WHAT YOU HAVE TO DO -
With the pictures left out, print exactly the lines below that run from the one containing "3、证件照制作界面,有寸照分类,热门尺寸,都可以随时去开启制作。" through the one containing "모든 무대 끝에 결과가".

DATA LISTING -
- - - - -

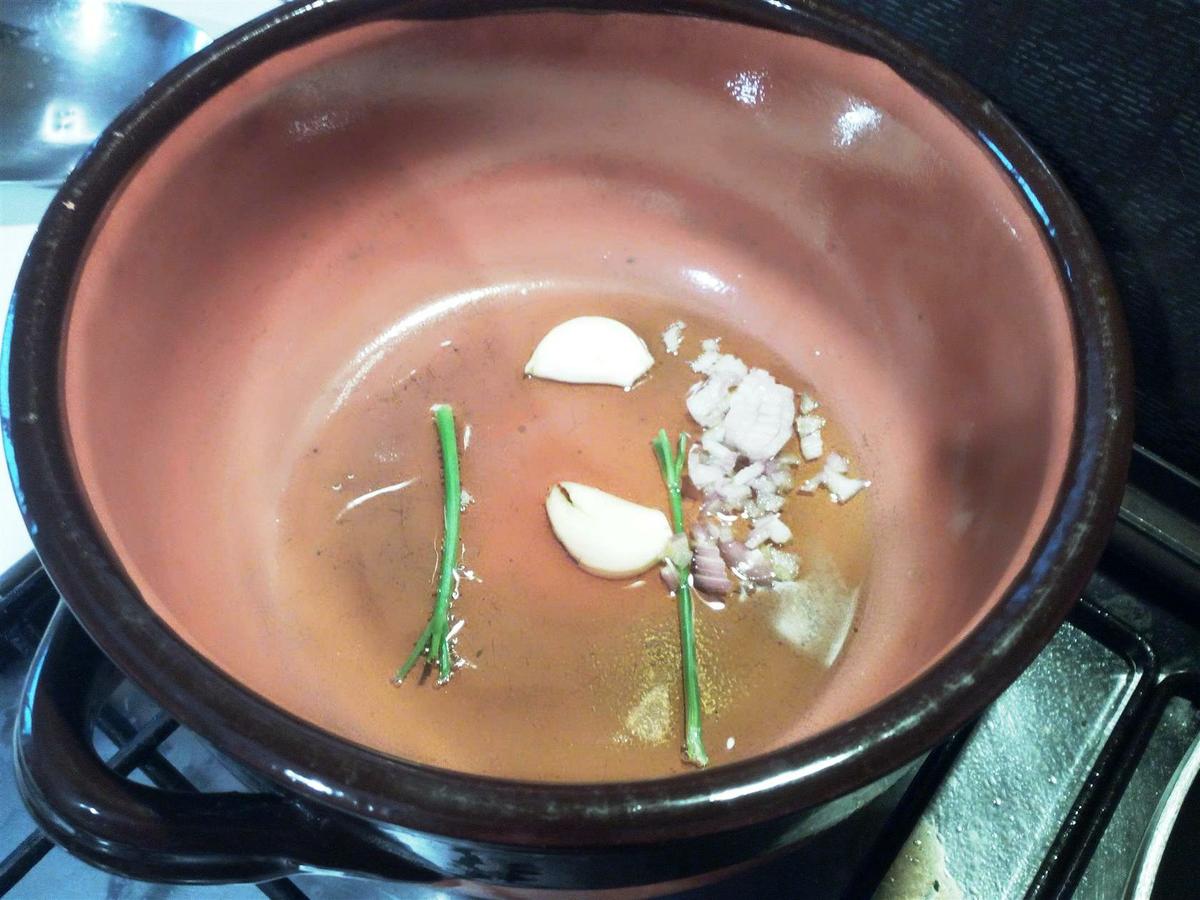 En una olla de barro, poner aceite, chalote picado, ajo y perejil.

- - - - -

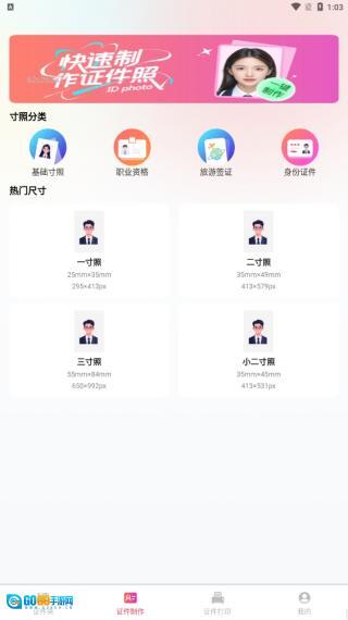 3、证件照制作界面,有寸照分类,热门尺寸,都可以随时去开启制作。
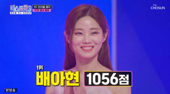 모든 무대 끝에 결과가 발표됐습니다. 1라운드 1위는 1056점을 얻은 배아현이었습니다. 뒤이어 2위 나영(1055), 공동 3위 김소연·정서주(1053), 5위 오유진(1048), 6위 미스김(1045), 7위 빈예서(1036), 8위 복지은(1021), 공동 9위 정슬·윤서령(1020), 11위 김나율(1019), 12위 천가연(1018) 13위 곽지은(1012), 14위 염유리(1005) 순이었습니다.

- - - - -

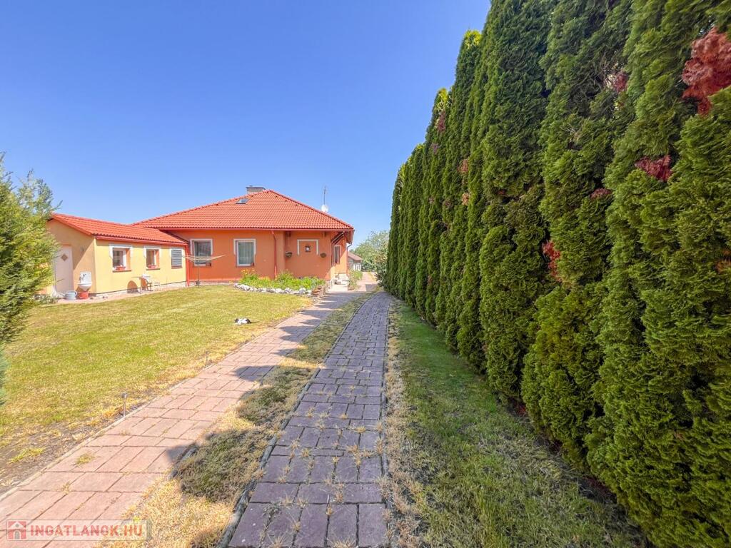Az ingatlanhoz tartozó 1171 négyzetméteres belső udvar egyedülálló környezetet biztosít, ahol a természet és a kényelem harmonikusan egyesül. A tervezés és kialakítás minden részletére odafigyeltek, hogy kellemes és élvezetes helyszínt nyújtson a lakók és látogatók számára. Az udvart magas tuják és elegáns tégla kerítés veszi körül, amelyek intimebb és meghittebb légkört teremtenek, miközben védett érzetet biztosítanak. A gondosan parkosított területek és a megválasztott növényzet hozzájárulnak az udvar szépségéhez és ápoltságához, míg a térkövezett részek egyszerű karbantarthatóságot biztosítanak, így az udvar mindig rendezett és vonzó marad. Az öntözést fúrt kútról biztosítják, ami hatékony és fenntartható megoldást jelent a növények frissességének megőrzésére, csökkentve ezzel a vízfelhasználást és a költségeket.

- - - - -

PROBLEM SOLUTION -
 3、证件照制作界面,有寸照分类,热门尺寸,都可以随时去开启制作。
 모든 무대 끝에 결과가 발표됐습니다. 1라운드 1위는 1056점을 얻은 배아현이었습니다. 뒤이어 2위 나영(1055), 공동 3위 김소연·정서주(1053), 5위 오유진(1048), 6위 미스김(1045), 7위 빈예서(1036), 8위 복지은(1021), 공동 9위 정슬·윤서령(1020), 11위 김나율(1019), 12위 천가연(1018) 13위 곽지은(1012), 14위 염유리(1005) 순이었습니다.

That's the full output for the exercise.